A new draft partnership bill was introduced to the National Assembly on 3 September 2024 by members of the Green–Left Front, including Rastislav Dinić, Biljana Đorđević, Jelena Jerinić, Robert Kozma, Radomir Lazović, Marina Mijatović, Đorđe Pavićević, Bogdan Radovanović, Natalija Stojmenović and Dobrica Veselinović. The bill aims to legally regulate the union of two persons of the same sex by introducing a range of rights and obligations previously reserved for married couples, such as partner maintenance, inheritance, compensation for damages, tax deduction, rights during criminal proceedings, rights in case of illness, and rights from pension, health and social insurance.

==Same-sex marriage==
===Constitutional ban===
Article 62 of the Constitution of Serbia, adopted in 2006 after the dissolution of Serbia and Montenegro, states: "Marriage shall be entered into based on the free consent of man and woman before the state body." (Note: Брак се закључује на основу слободно датог пристанка мушкарца и жене пред државним органом., Brak se zaključuje na osnovu slobodno datog pristanka muškarca i žene pred državnim organom.) The wording has been interpreted as banning same-sex marriage.

In November 2015, former President Boris Tadić expressed his support for same-sex marriage and adoption by same-sex couples.

===Religious performance===
The Serbian Orthodox Church opposes same-sex marriage and partnerships, and does not allow clergy to bless or perform such marriages.
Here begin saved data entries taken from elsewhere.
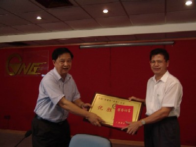 以“掌握安全生产知识,争做遵章守纪职工”为主题的“安康杯”竞赛活动,是由省总工会和省安全生产监督管理局共同组织的,全省有5000多家企业和232万职工参与了活动。航运集团各企业都积极参与了该项活动,其中广东珠船航运有限公司在活动中取得优异成绩,获得“全国‘安康杯’竞赛广东省优胜企业”奖。图为:集团纪委书记梁洪发同志(左)向广东珠船航运有限公司总经理朱各海同志代颁奖牌。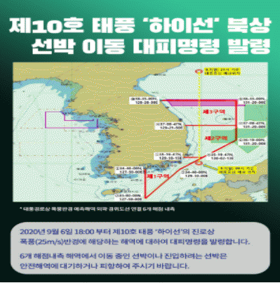 6ÀÏ ¿ÀÈÄ 6½ÃºÎÅÍ ¡®¼±¹Ú À̵¿ ¹× ´ëÇÇ ¸í·É¡¯À» ¹ß·ÉÇÔ¿¡ µû¶ó ÅÂdz °æ·ÎÀÇ ÆøÇ³¹Ý°æÀÎ À§ÇèÇØ¿ª¿¡¼ À̵¿ ÁßÀ̰ųª, ÁøÀÔÇÏ´Â ¸ðµç ¼±¹ÚÀº ¾ÈÀüÇØ¿ªÀ¸·Î ÇÇÇ×ÇØ¾ß ÇÑ´Ù.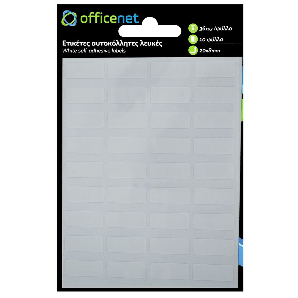 Αυτοκόλλητες λευκές ετικέτες της Officenet με διαστάσεις 20x8mm. Το σετ περιλαμβάνει 10 φύλλα με 36 ετικέτες το καθένα. Ιδανικές για οργάνωση και σήμανση στο γραφείο ή το σπίτι.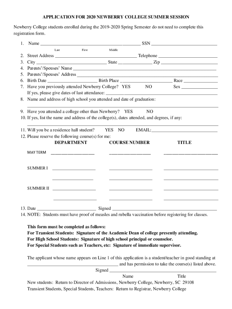 APPLICATION FOR 2020 NEWBERRY COLLEGE SUMMER SESSION Newberry College students enrolled during the 20192020 Spring Semester do not need to complete this registration form. 1. Name ___ SSN ___ LastFirstMiddle2.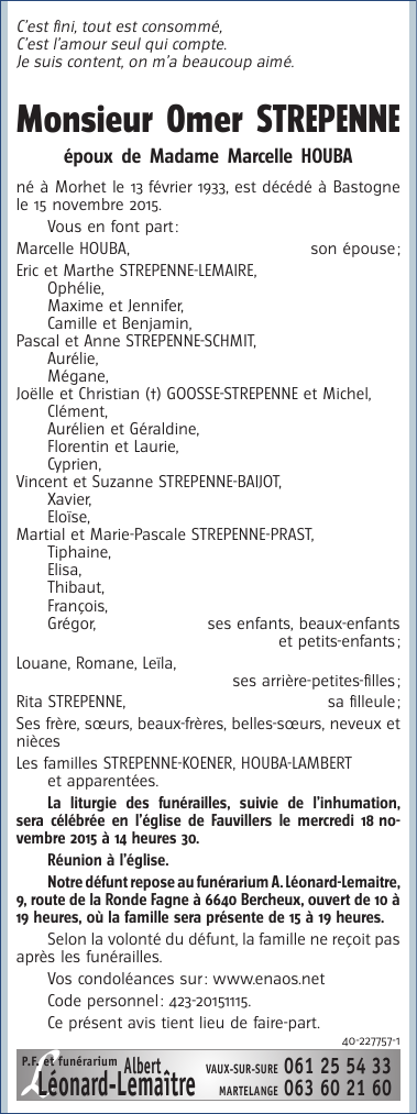 Décédé à Bastogne (6600) le dimanche 15 novembre 2015 à l'âge de 82 ans
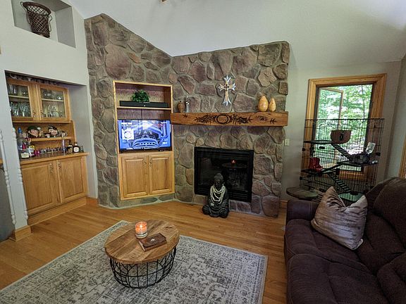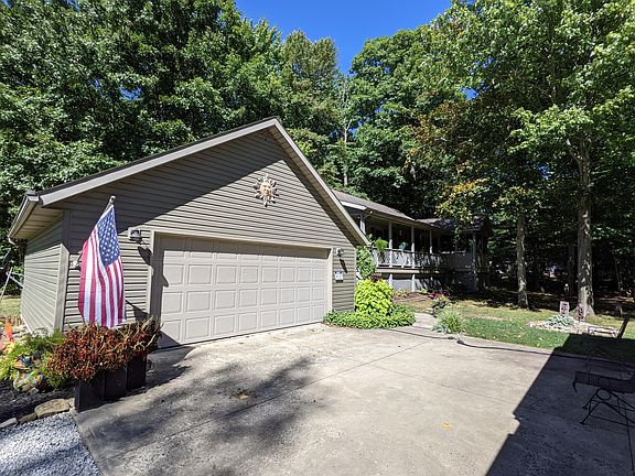 Well maintained & updated raised ranch home, situated on 2 lots with mature trees, plus lots of deer & turkey. 4 bedrooms, 2 baths, and fabulous great room with gleaming hardwood floors and 16' floor to ceiling fireplace. Actual square footage is 2172, per owner. Great room opens to spacious deck and 12x12 enclosed screened porch. Open kitchen with granite counter tops and 1st floor laundry. Spacious 1st floor master with large walk in closet and private 8x10 deck overlooking mature trees. 30x8 covered front porch as well. Views from every angle! 24x24 detached garage with concrete floors.

In 2021, Patriarch Porfirije stated that he "understands that people with that type of sexual orientation have countless administrative problems, challenges, pressures, and sometimes even the need to regulate their own status".

==Public opinion==
A 2020 opinion poll published by the Civil Rights Defenders showed that 73% of Serbs supported hospital visitation rights for same-sex couples, 60% supported health insurance for same-sex partners, 59% supported allowing same-sex partners to inherit each other's assets at death, and 59% supported equal division of property. In total, 80% of Serbians supported granting same-sex couples some legal rights. 26% of respondents supported same-sex marriage, an increase from 11% in 2015.

A December 2022 Ipsos survey showed that 24% of Serbs considered same-sex marriage "acceptable" (10% "completely" and 14% "mainly"), while 73% considered it "unacceptable" (56% "completely" and 17% "mainly"). This represented a large increase of support from 2015 when 9% of Serbs supported same-sex marriage. With regard to specific rights, 59% of respondents supported the right of same-sex couples to receive survivor pension benefits in case of the partner's death.